Craft a Tailored Cover Letter:For a full-time role at hackajob, your cover letter should reflect your passion for data science and your excitement about the specific projects or values of the company. Dive into why you’re a good fit, how your skills align with their needs, and any unique perspectives you can bring to the team.

Stand Out with Relevant Courses and Certifications:Although experience talks, relevant courses or certifications can be your ticket to impressing hiring managers at hackajob. Mention any standout courses you've completed that equipped you with essential skills, such as machine learning certifications or data visualisation courses. This shows your commitment to continuously developing your skills in the field!

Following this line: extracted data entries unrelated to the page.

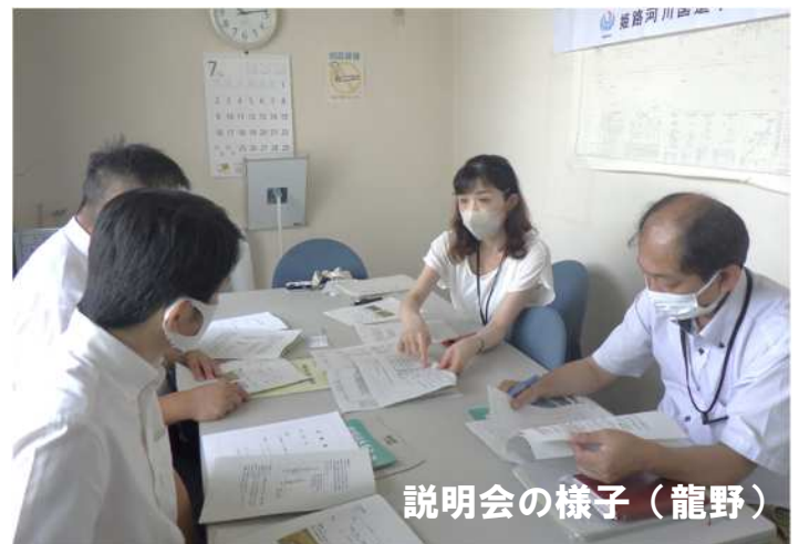
説明会の様子(龍野)
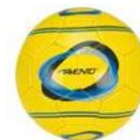
Avento Mini Voetbal - Elipse-2 Geel/Blauw/Antraciet - 2

We hebben hiervoor gekozen, zodat de veiligheid op het plein tijdens het buitenspelen toeneemt. De laatste tijd namen kinderen regelmatig (voet)ballen mee van thuis, waardoor er allerlei ballen rondvlogen in de pauzes. Nu willen we dat reguleren en daarom heeft iedere groep dit → kleine balletje gekregen.
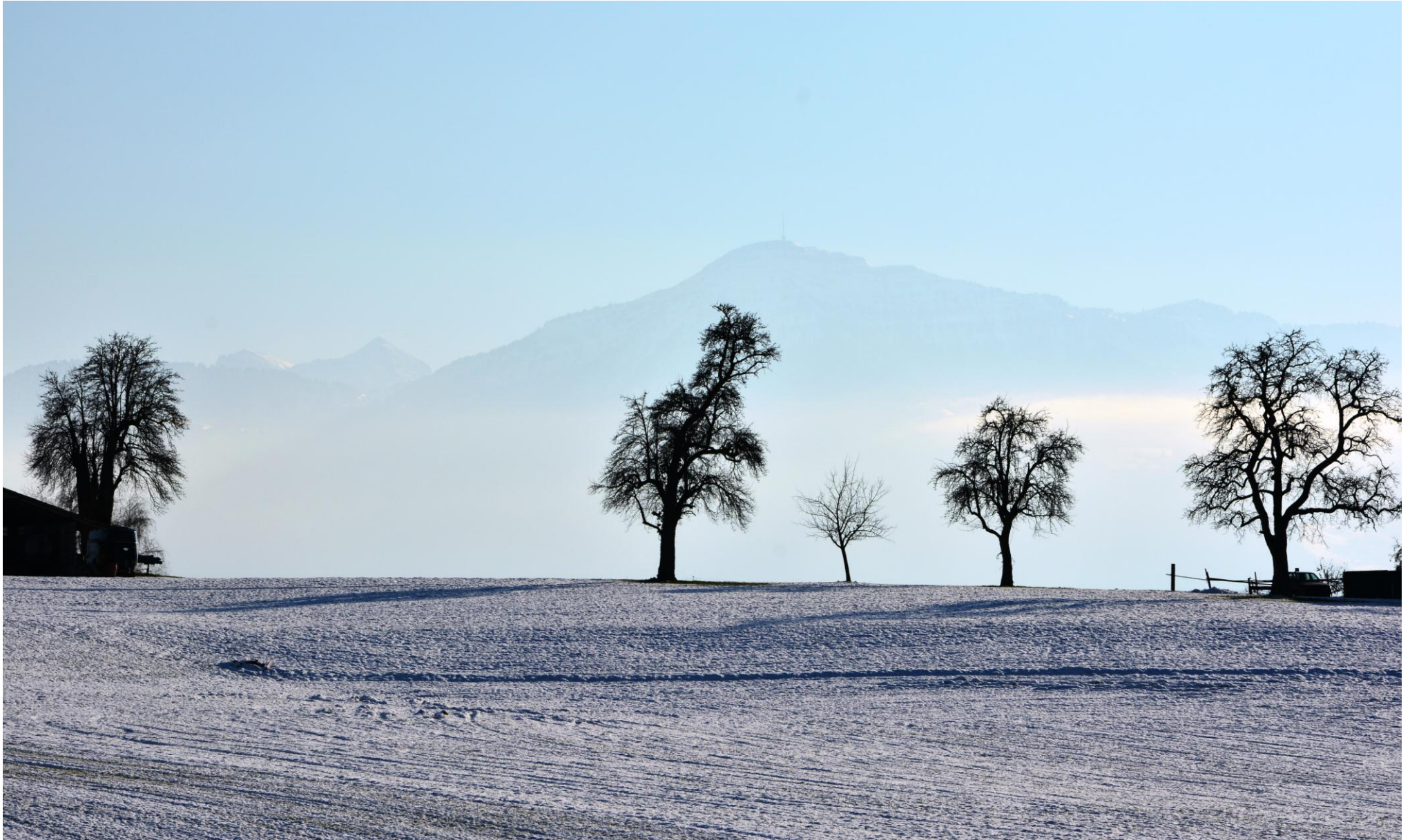
Silhouette von Bäumen in Steinhausen mit der Rigi im Hintergrund

1 2 3 4 5 6 7 8 9 10 11 12 13 14 15 16 17 18 19 20 21 22 23 24 25 26 27 28 29 30 31
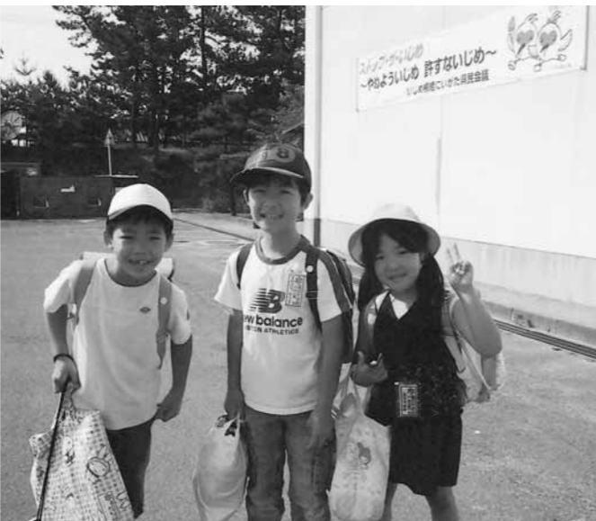
元気にはばたけ子どもたち

問 景気後退による町民の生活、経済不振に対する施策としてプレミアム商品券の販売を商工会に町が委託して開始し、町民には喜ばれたが、事業の成果は、検証できたのか。 町長 商工会の検証については登録加盟店の換金の期日が6月末ですので、その後最終的な事業効果を検証する。
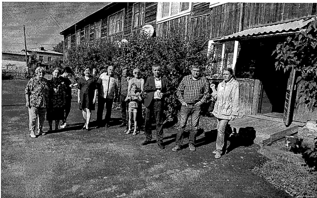
Двор многоквартирного дома по ул.30 лет Победа, д.14
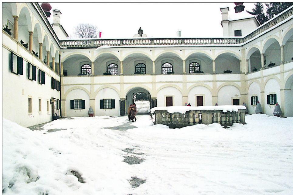
Grad Herberstein je doživel številne obnove in dozidave, od leta 1320 je neprekinjeno v lasti družine Herbersteinov, znamenite plemiške družine, ki je pomembno vplivala na zgodovino naših krajev. Na fotografiji florentinsko dvorišče, ki ga poleti krasijo številne rože in okrasno zelenje. Območje gradu je veliko 40 ha, poleg gradu vabijo tudi številne urejene zelene površine, ki so še posebej privlačne za obisk družin.

How to prepare for a job interview at hackajob

Brush Up on Your Statistics

For a data science role, we need to seriously sharpen our statistics skills. Get ready to tackle technical questions on probability distributions, hypothesis testing, and regression analysis. These are often the bread and butter of data science interviews, so don't just skim over them!

Showcase Your Projects

Prepare a killer portfolio showcasing your data science projects. We should include details about the datasets used, the tools and techniques applied, and the impact of your findings. If we can walk them through a particularly challenging project or a cool visualisation that had real-world implications, it’ll really make us stand out!

Get Comfortable with Python and R

Most data science positions require us to be proficient in programming languages like Python and R. We should practice common libraries like pandas, NumPy, and scikit-learn, and be ready for live coding exercises or algorithm questions. Showing off our coding chops can really impress the interviewers at hackajob!

Prepare for Case Studies

Expect to encounter real-world case studies during the interview. We might be asked how we’d approach a data problem or analyse a dataset to extract insights. It's essential to think out loud and demonstrate our problem-solving process so that the interviewer can see our logical thinking in action.